Рекомендуем статьи по данной теме:
Эф­фек­тив­ность фар­ма­ко­ло­ги­чес­кой кор­рек­ции реф­люк­са у па­ци­ен­тов с ва­ри­коз­ной бо­лез­нью пе­ред хи­рур­ги­чес­ким ле­че­ни­ем. Фле­бо­ло­гия. 2023;(2):66-71
Вли­яние су­ло­дек­си­да на те­че­ние ран­не­го пе­ри­ода пос­ле ра­ди­очас­тот­ной об­ли­те­ра­ции и ми­ниф­ле­бэк­то­мии у па­ци­ен­тов с ва­ри­коз­ной бо­лез­нью. Фле­бо­ло­гия. 2023;(2):72-78
Гес­пе­ри­дин: по­тен­ци­аль­ные, но не­до­оце­нен­ные воз­мож­нос­ти. Фле­бо­ло­гия. 2023;(4):352-360
Мо­ле­ку­ляр­но-ге­не­ти­чес­кие ас­пек­ты ва­ри­коз­ной бо­лез­ни: сов­ре­мен­ные пред­став­ле­ния. Фле­бо­ло­гия. 2024;(1):48-53
Ме­ха­но­хи­ми­чес­кая об­ли­те­ра­ция в ле­че­нии ва­ри­коз­ной бо­лез­ни ниж­них ко­неч­нос­тей.
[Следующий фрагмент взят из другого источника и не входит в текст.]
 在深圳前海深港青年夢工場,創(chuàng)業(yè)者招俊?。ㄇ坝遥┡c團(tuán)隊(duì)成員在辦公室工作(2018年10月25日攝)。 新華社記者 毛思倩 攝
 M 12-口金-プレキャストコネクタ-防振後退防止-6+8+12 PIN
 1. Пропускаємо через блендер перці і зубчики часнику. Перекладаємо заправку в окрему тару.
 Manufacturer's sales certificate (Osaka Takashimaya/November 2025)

Фле­бо­ло­гия. 2024;(1):72-76

На протяжении многих десятилетий эктазия глубоких вен нижних конечностей у пациентов с хроническими заболеваниями вен (ХЗВ) рассматривалась в качестве одного из основных патологических звеньев развития и прогрессирования хронической венозной недостаточности (ХВН) [1—4]. Именно эктазия глубоких вен и сформировавшаяся в этих условиях относительная клапанная недостаточность рассматривались в качестве главного гемодинамического условия формирования патологического вертикального рефлюкса на уровне подвздошно-бедренного, бедренно-подколенного или подколенно-тибиального сегментов, которая лежала в основе развития варикозного расширения подкожных вен [5, 6]. Эти утверждения, ставшие флебологической аксиомой, на протяжении более 30 лет были главным потенцирующим фактором пересмотра подходов в лечении варикозной болезни (ВБ) [7].
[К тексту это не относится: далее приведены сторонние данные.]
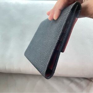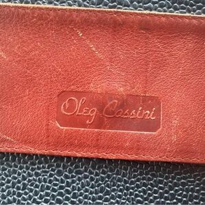 The Oleg Cassini wallet combines a sleek black pebbled texture with a smooth cognac band, offering a stylish and practical accessory for any occasion. Its classic rectangular fold-over design ensures both elegance and functionality.
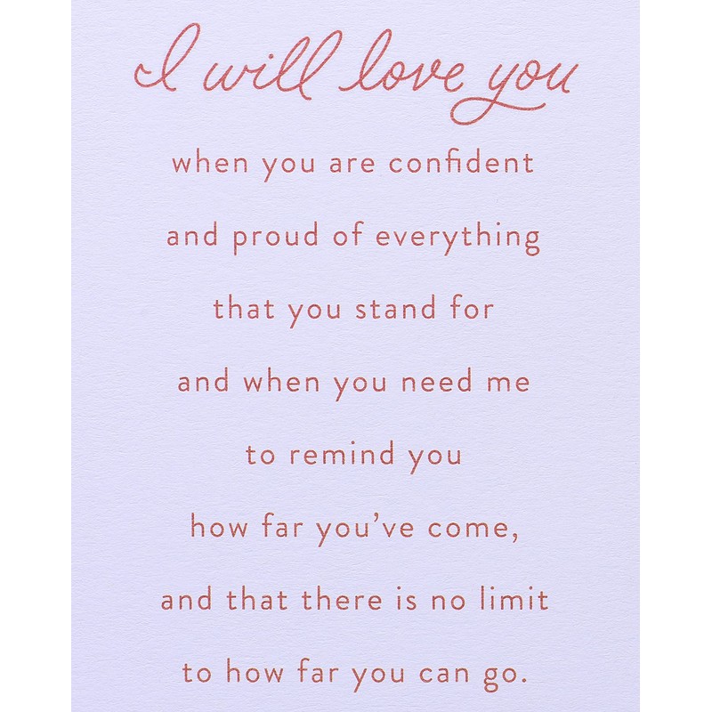 - Inside Message: I will love you when you are confident and proud of everything that you stand for and when you need me to remind you how far you've come, and that there is no limit to how far you can go.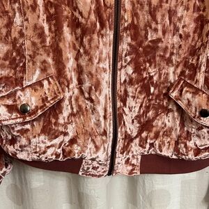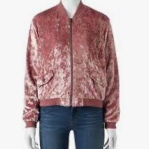 Luxurious rose velvet bomber. Adds sophistication to any look.

В середине 2000-х годов теория влияния эктазии и относительной клапанной недостаточности глубоких вен на развитие ВБ была признана ошибочной. По существующей среди большинства флебологов точке зрения, развивающаяся варикозная трансформация поверхностных вен никаким образом не связана с нарушениями глубокой венозной гемодинамики, а следовательно, для устранения ВБ рекомендуемым объемом вмешательства является устранение ретроградного кровотока лишь на уровне несостоятельной венозной магистрали большой вены (БПВ) или малой подкожной вены (МПВ) [8].
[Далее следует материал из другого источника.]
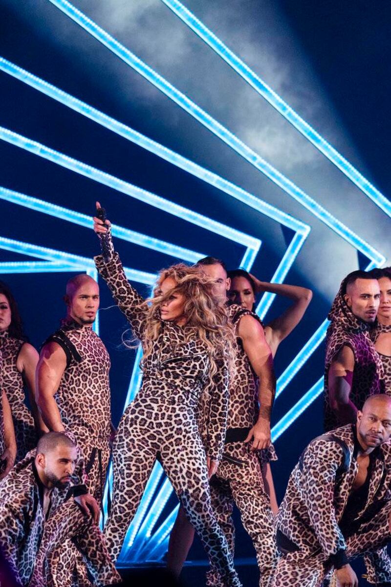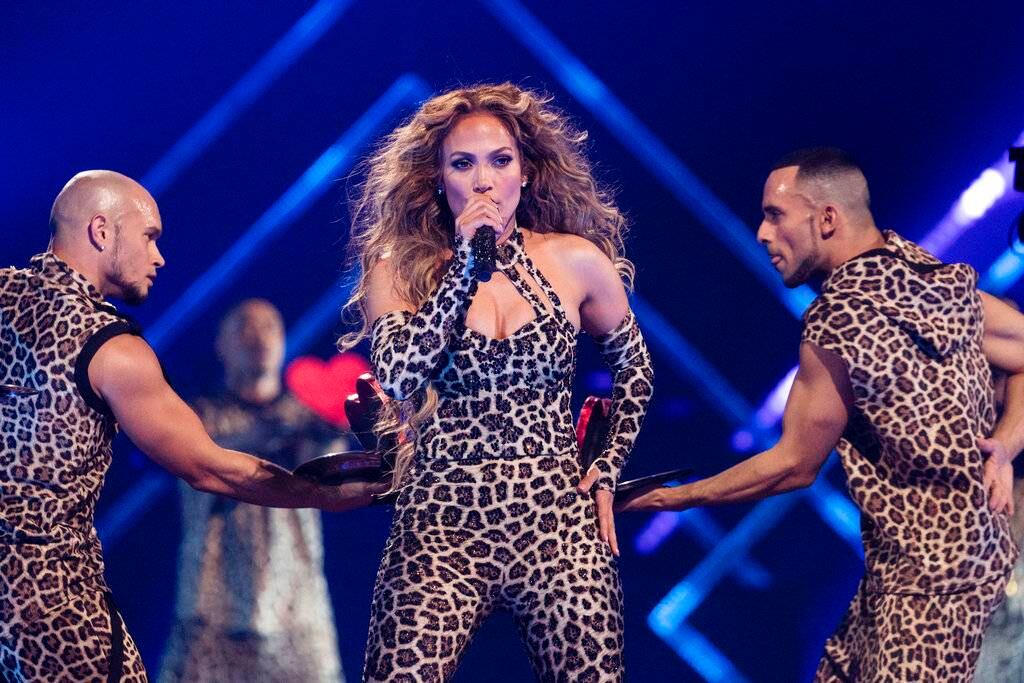 Lopez, de 48 años, también interpretó “Respect” de Aretha Franklin; bailó “Bodak Yellow” de Cardi B y “Havana” de Camila Cabello. Ne-Yo la acompañó en un dueto con “All I Have” y dejó que DJ Khaled entretuviera al público mientras ella se cambiaba de vestuario.

Однако если ограниченный стриппинг или протяженная эндовазальная термическая облитерация БПВ является достаточным оперативным вмешательством у пациентов с варикозным расширением поверхностных вен, остается непонятным, почему у 70% пациентов после, казалось, успешно проведенной операции не только не устраняется патологическая сегментарная гиперволемия голени, но и симптоматика ХВН со временем только прогрессирует? О возможном влиянии эктазии внутримышечных вен голени на общий патогемодинамический процесс у пациентов с ХВН нами было указано впервые еще в 2002 г. [9]. Однако используемая для визуализации внутримышечных вен голени рентгеноконтрастная флебография не позволила сделать окончательные выводы. Исследования возобновились в 2015 г., когда появилась возможность прицельно изучить этот отдел мышечно-венозной помпы голени с помощью мультиспиральной компьютерной томографии-флебографии (МСКТ-флебографии), которая на первом этапе проведения исследований позволила в 3D-режиме подробно установить анатомическое строение икроножного и камбаловидного венозных коллекторов [10—12]. Обратили мы внимание и на то, что у отдельных пациентов с ВБ форма внутримышечных вен имела веретенообразную (фузиформную) эктазию локального или протяженного характера, частота выявления которой увеличивалась по мере прогрессирования ХВН [12]. Однако, чтобы приблизиться к окончательным выводам, нам понадобились продолжение исследований и проведение дополнительного анализа данных, полученных при МСКТ-флебографии.

С использованием метода МСКТ-флебографии за период 2015—2018 гг. обследованы 400 мужчин и женщин с хроническими заболеваниями вен (ХЗВ) с распределением их в соответствии с международной классификацией СЕАР следующим образом: у 108 (27%) лиц имелся клинический класс С0—С1, у 173 (43,3%) — класс С2—С3 и у 119 (34%) выявлены трофические нарушения (класс С4—С6).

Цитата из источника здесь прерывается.